-------- Collected data
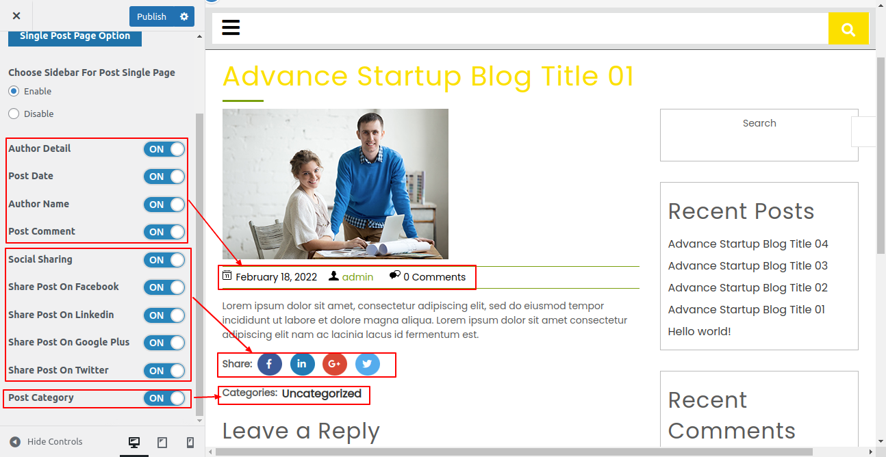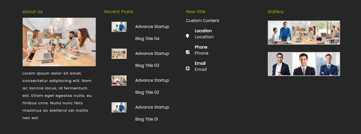 It will appear in the outputYou must enable the advance-startup-pro-posttype plugin for this section. (for more information refer to plugin section).
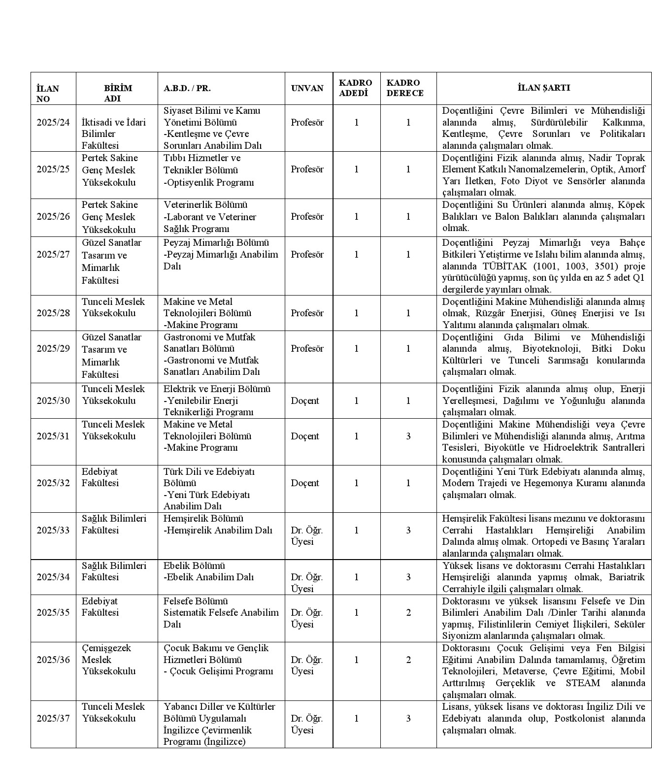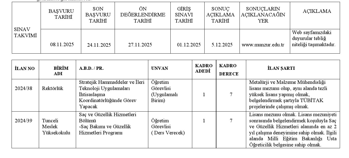 Munzur Üniversitesi Öğretim Üyesi ve Elemanı Alım İlanı. Son başvuru tarihi 22 Kasım 2025
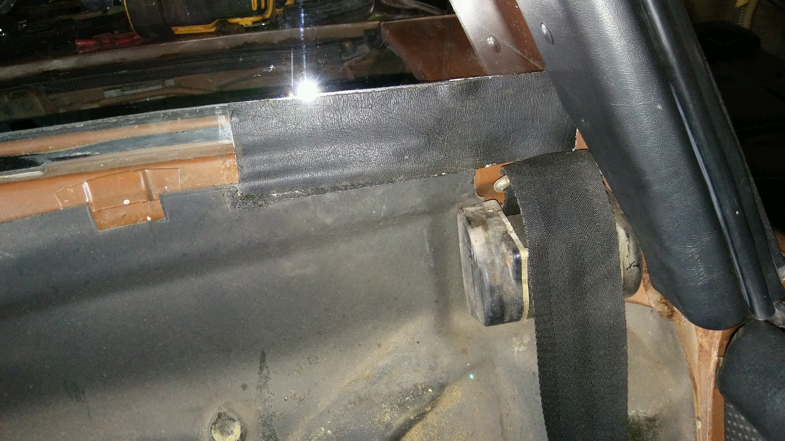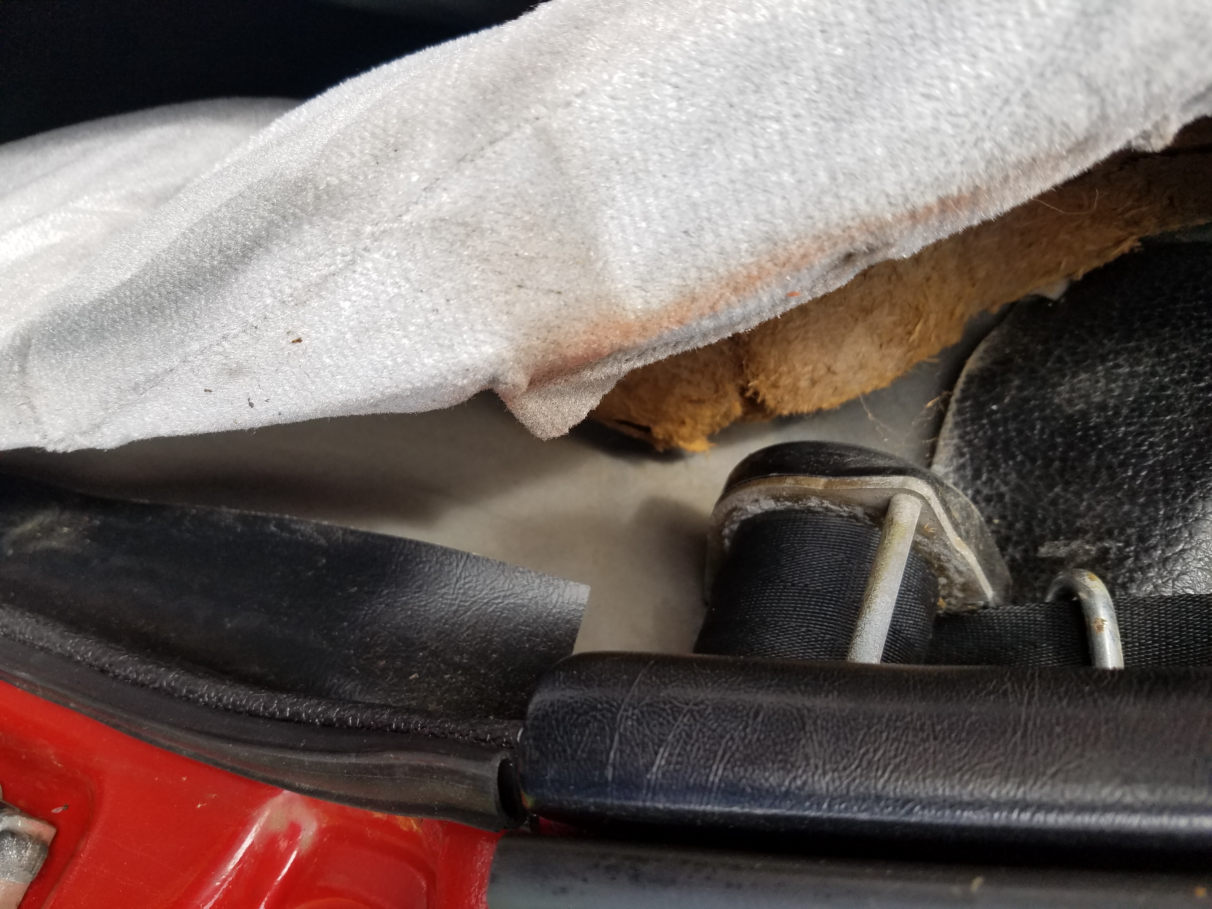 Don't they glue to the top edge of the back wall at the outside shoulders of driver and passenger ? That would be the longer strips above the red circled ones. Mine actually wrap around the seam and are secured by glue and the door seal. Mark is right about the ones above the circled pieces, they mount vertically and wrap around the door pinch weld. The ones that cover the crossmember have notches for the seat recliner tooth piece. They are the upper left pieces Attached is a picture of my old rotten 1970 interior showing the last visible vestige of the rectangular piece in question. Dimensions may help. Attached image(s)
----------------
• [Task to carry out]: Each line above gets copied exactly; leave the pictures out.

• [Expected output]:
 It will appear in the outputYou must enable the advance-startup-pro-posttype plugin for this section. (for more information refer to plugin section).
 Munzur Üniversitesi Öğretim Üyesi ve Elemanı Alım İlanı. Son başvuru tarihi 22 Kasım 2025
 Don't they glue to the top edge of the back wall at the outside shoulders of driver and passenger ? That would be the longer strips above the red circled ones. Mine actually wrap around the seam and are secured by glue and the door seal. Mark is right about the ones above the circled pieces, they mount vertically and wrap around the door pinch weld. The ones that cover the crossmember have notches for the seat recliner tooth piece. They are the upper left pieces Attached is a picture of my old rotten 1970 interior showing the last visible vestige of the rectangular piece in question. Dimensions may help. Attached image(s)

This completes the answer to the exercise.